Lingkaran Solidaritas
7 min readMar 18, 2019

Oleh: Rahmad Hari dan M. Andy Dava

Kekerasan seksual terhadap perempuan masih saja langgeng dan berjalan sangat massif dalam lingkungan masyarakat hari ini. Seakan-akan kita sebagai masyarakat dibuat tidak tahu menahu dan acuh terhadap kasus tersebut. Tidak hanya itu, dalam institusi baik pendidikan, perusahaan, serta institusi yang dinaungi oleh negara mereka malah menutupi kasus kekerasan seksual tersebut.
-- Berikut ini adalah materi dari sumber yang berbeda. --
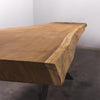Iroko is een prachtig hardhout met een schitterende, gelijkmatige kleuring. Het tafelblad is gemaakt uit één stuk massief Iroko hout dat de vorm van de boom volgt. Het hout heeft een bijzondere rozerode kleur die na verloop van tijd iets donkerder wordt. De buitenkant heeft een herkenbare lichte tint. Als het zonlicht erop schijnt, ontstaat er een stralende gouden glans op het tafelblad. Iroko hout heeft een karakteristiek regelmatig strepenpatroon van de groei en ziet er daardoor strak en edel uit. Het hout is zeer duurzaam en slijtvast en zal jaren meegaan.

Dari kebanyakan kasus, korban malah di salahkan sehingga menimbulkan traumatik tersendiri. Hal ini juga mengakibatkan adanya steorotip negatif pada korban di lingkup sosial masyarakat. Dapat kita lihat hal tersebut menjadi salah satu gambaran bawasannya posisi laki-laki menjadi sangat superior, dikarenakan mempunyai tawaran-tawaran yang membuat si perempuan tergiur.

Budaya seperti ini yang sampai saat ini terpelihara dalam tatanan masyarakat kita, yang biasa disebut dengan patriarki, di mana si laki-laki sangatlah dominan terhadap perempuan. Akan tetapi apa yang membuat budaya seperti ini terjadi, apa penyebabnya?

Asal-Usul Budaya Penindasan Perempuan

Patriarki diambil dari kata “patriarch” yang artinya kekuasaan bapak, yang dimaksudkan di sini bahwa patriarki merupakan suatu sistem imajiner dan turun temurun meletakkan laki-laki dalam posisi tertinggi suatu struktur sosial. Menurut Walby patriarki adalah sebuah sistem struktur sosial dan praktik-praktik yang memposisikan laki-laki sebagai pihak yang mendominasi, menindas dan mengeksploitasi kaum perempuan.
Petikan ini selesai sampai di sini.